もし、何か困っていることがあれば、気軽に相談してくださいね！  




<end_of_turn>


# Multilingual translations

In [13]:
# Use MarianMT model as a function to translate text
def translate_text(text, target_language):
    """Translates text from Japanese to the target language using MarianMT models."""
    
    # Step 1: Model name based on the target language, e.g.

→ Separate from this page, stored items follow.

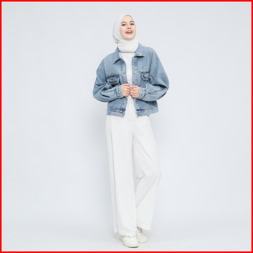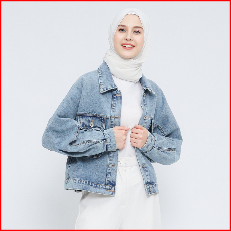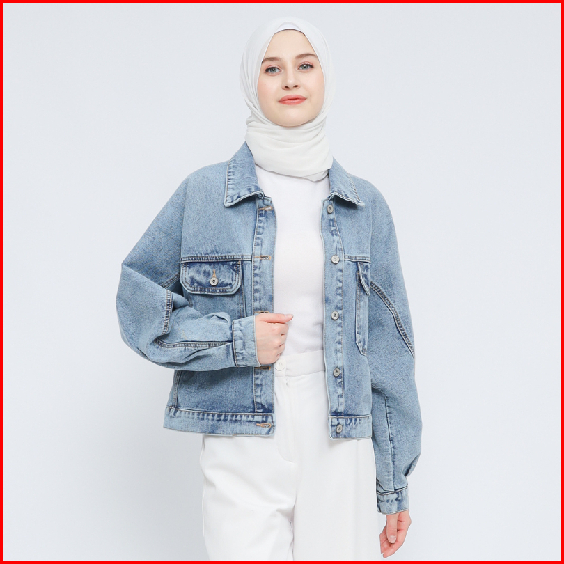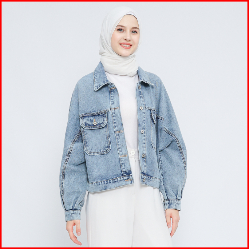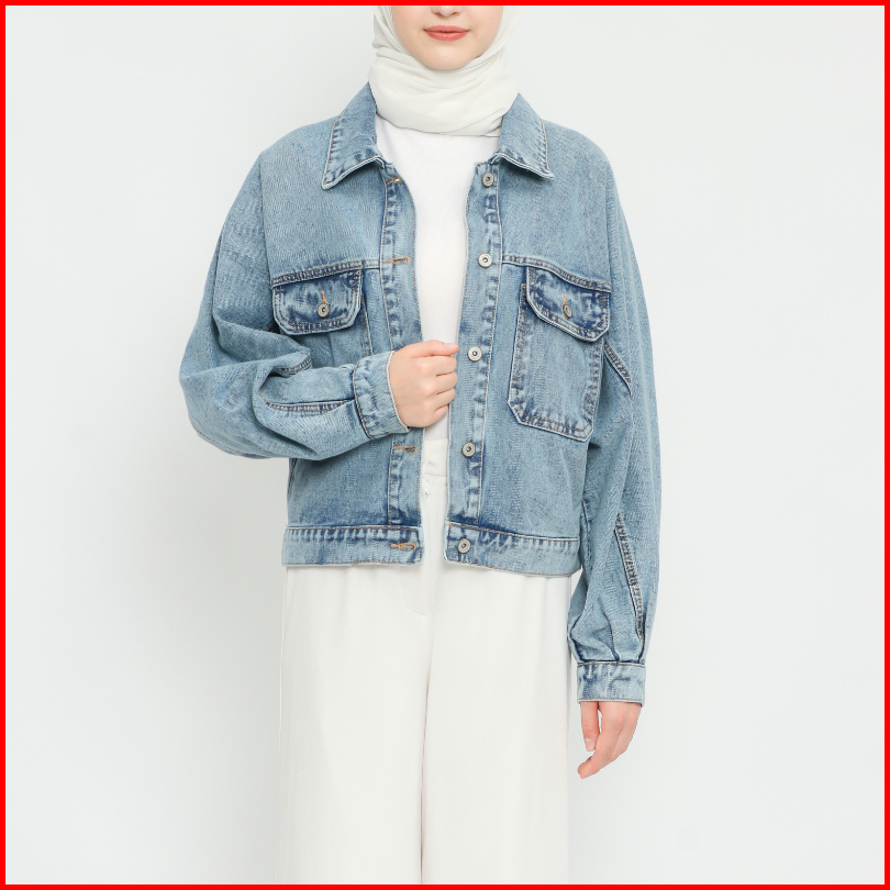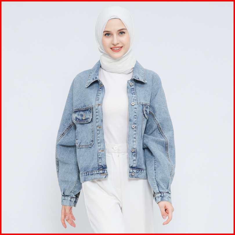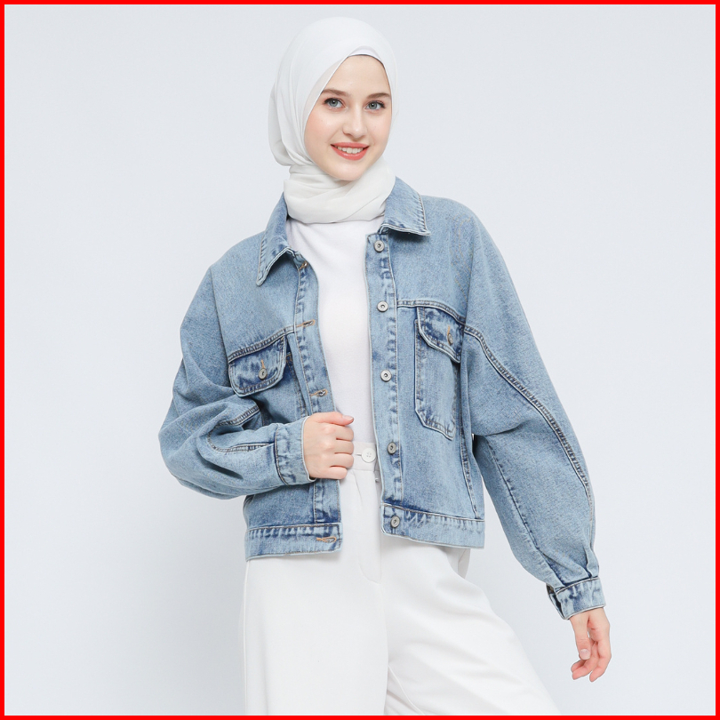 Myself Jaket Oversize Crop Jeans Denim Wanita Lunna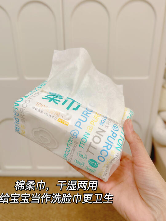 可以干湿两用的棉柔巾,取代了普通毛巾的位置,更卫生,纸张尺寸大,从小给宝宝洗脸洗pp都适合!100%纯棉材质,给宝宝用更放心,湿水也不掉絮,我平时洗脸也跟着用😄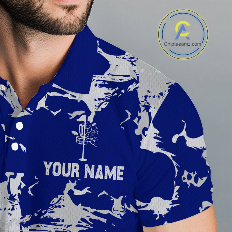 Blue and Gray Camo Disc Golf basket Mens Disc golf polo shirts Custom team disc golf jerseys NQS10797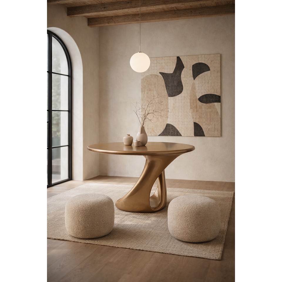Stół SHANGRI LA złoty to propozycja dla osób ceniących odważne wzornictwo oraz wyraziste formy inspirowane sztuką. Jego dynamiczna i falująca konstrukcja tworzy wrażenie płynnego ruchu, nadając wnętrzu nowoczesny i luksusowy charakter.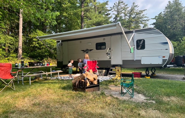 My wife and I have twin boys that just turned 3 and a 7 year old daughter. We love to take the camper on mini adventures with our family.

Spanish (Español), Italian (Italiano), French (Français), English
    model_name = f'Helsinki-NLP/opus-mt-ja-{target_language}'
    
    # Step 2: Tokenizer and model for translation
    tokenizer = MarianTokenizer.from_pretrained(model_name)
    model = MarianMTModel.from_pretrained(model_name)
    
    # Step 3: Input text tokenization
    tokenized_text = tokenizer(text, return_tensors='pt', padding=True)
    
    # Step 4: Generate translation
    translated = model.generate(**tokenized_text)
    
    # Step 5: Decode output for text translation
    return tokenizer.decode(translated[0], skip_special_tokens=True)

# Retrieve the lyric example
japanese_lyric = "けして誰にも邪魔はさせない"

# Perform translation to Spanish, Italian, French and English
spanish_translation = translate_text(japanese_lyric, 'es')
portuguese_translation = translate_text(japanese_lyric, 'pt')
italian_translation = translate_text(japanese_lyric, 'it')
french_translation = translate_text(japanese_lyric, 'fr')
danish_translation = translate_text(japanese_lyric, 'da')
swedish_translation = translate_text(japanese_lyric, 'sv')
hungarian_translation = translate_text(japanese_lyric, 'hu')
finnish_translation = translate_text(japanese_lyric, 'fi')
german_translation = translate_text(japanese_lyric, 'de')
dutch_translation = translate_text(japanese_lyric, 'nl')
english_translation = translate_text(japanese_lyric, 'en')

# Print the translations
print("Japanese input: ", japanese_lyric)
print("Translation in Spanish: ", spanish_translation)
print("Translation in Portuguese: ", portuguese_translation)
print("Translation in Italian: ", italian_translation)
print("Translation in French: ", french_translation)
print("Translation in Danish: ", danish_translation)
print("Translation in Swedish: ", swedish_translation)
print("Translation in Hungarian: ", hungarian_translation)
print("Translation in Finnish: ", finnish_translation)
print("Translation in German: ", german_translation)
print("Translation in Dutch: ", dutch_translation)
print("Translation in English: ", english_translation)

Japanese input:  けして誰にも邪魔はさせない
Translation in Spanish:  No voy a dejar que nadie se meta en mi camino.
Translation in Portuguese:  Não vou deixar que ninguém se meta no meu caminho.
Translation in Italian:  Non permettero' a nessuno di interferire.
Translation in French:  Je ne laisserai personne m'en empêcher.
Translation in Danish:  Jeg vil ikke lade nogen komme i vejen for dig.
Translation in Swedish:  Jag tänker inte låta någon störa mig.
Translation in Hungarian:  Senki sem állhat az utamba.
Translation in Finnish:  En anna kenenkään häiritä sinua.
Translation in German:  Ich lasse niemanden aus dem Weg gehen.
Translation in Dutch:  Ik laat niemand je in de weg staan.
Translation in English:  I'm not letting anyone get in my way.